The go-ahead means that work at the Durham public school system's headquarters building will likely resume in January, a year after it originally was scheduled to begin.
"It's probably the correction we should have taken initially," Tim Carr, the district's construction and capital planning program director, said after the commission vote.
"We're back on course."
The project began the year $3,400 over budget, and remained so as of June 30, according to the last quarterly construction report the school system has posted on its Web site. Manufacturing redesigned replacement windows will probably cost $80,000 to $120,000; the process could be complete by year's end.
The cost overruns will likely be covered by transfers of unused money from other projects in the $105.6 million bond that voters approved in 2003, Carr said.

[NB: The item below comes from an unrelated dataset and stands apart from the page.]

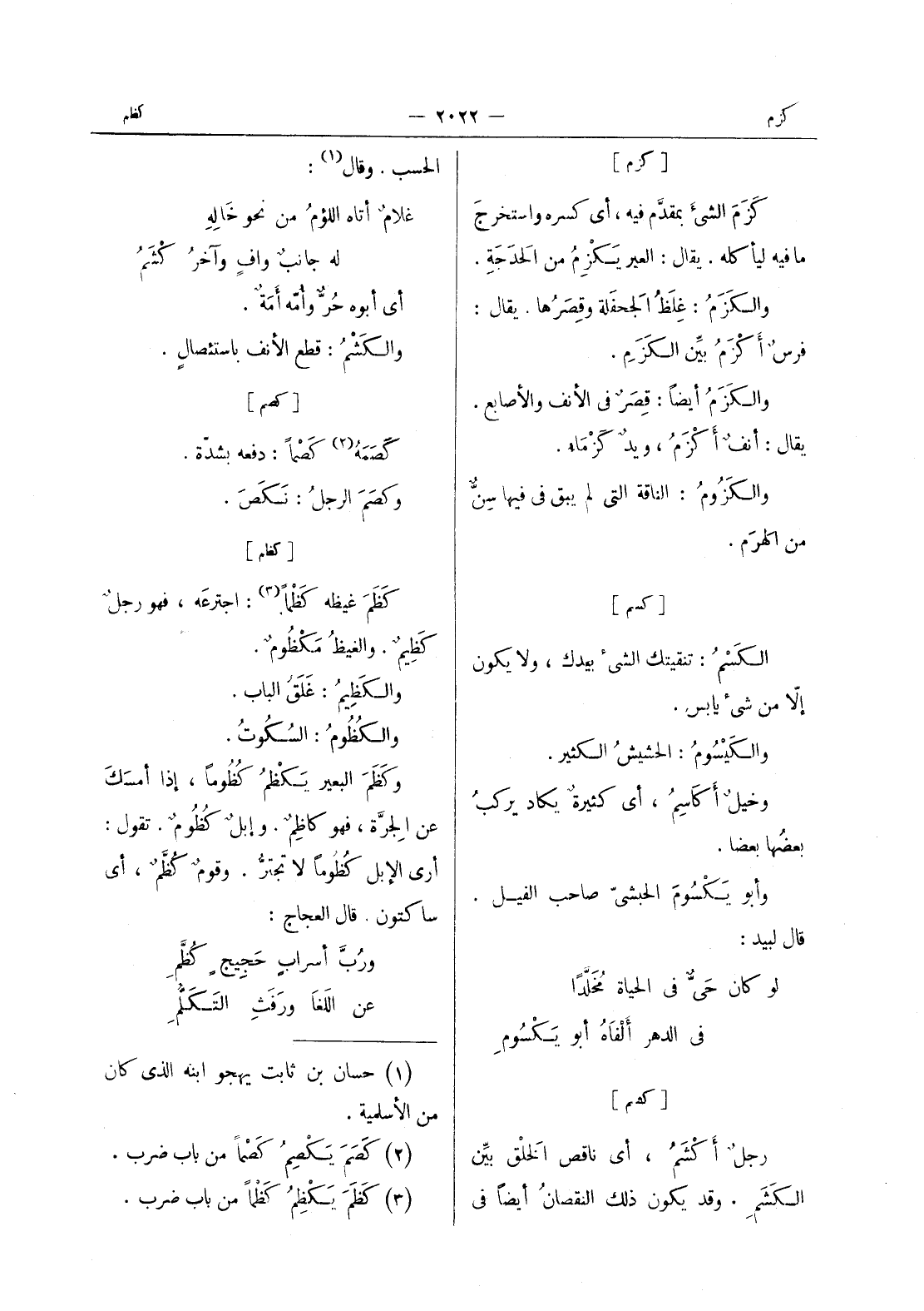 الحسب. وقال (¬1) : غلام أتاه اللؤم من نحو خاله له جانب واف وآخركشم أي أبوه حر وأمه أمة. والكشم: قطع الانف باستئصال.

County commissioners approval is needed for such transfers, he noted.
A June 30 report shows nearly $2.2 million in available funds from that bond. About half of that represents land-purchase funds that went unspent after the donation of property north of Snow Hill Road for the so-called new Middle School B project. Other savings come from low bids generated by an economic recession that has made contractors hungry for work, Carr said.
The Fuller Building, a former school, is at 511 Cleveland St. It was built in 1937 and expanded in 1964. The window replacements are intended to cut down on heating and air-conditioning costs and to increase comfort for those in the building.
Previously manufactured windows that the district had intended to install at Fuller have been put in storage, Carr said. They will be used for a yet-to-be-determined project in the 2007 bond.
A contractor began installing those windows in March, but the City-County Planning Department soon halted the work because there was no building permit for the project and because the certificate of appropriateness needed for renovations in the city's downtown historic district had not been obtained.
The Historic Preservation Commission met three times to discuss the Fuller project before voting in May to freeze the project. The district contemplated an appeal before opting to redesign the windows.
The new aluminum windows -- there will be two types -- will match the appearance of the those installed in the 1937 original structure and the 1964 addition. That means 24 panes arranged in a 12-over-12 grid for the older building and 20 panes in an 8-over-12 grid for the expansion.
Windows divided only horizontally were originally slated to be installed. They were also differently proportioned from what they were replacing.
The new windows will return to the existing proportions. To accommodate lowered ceilings, the district will black out the tops of a number of the new windows.
The project scope is changing slightly. Two door replacements that were once part of it are being dropped, Carr said.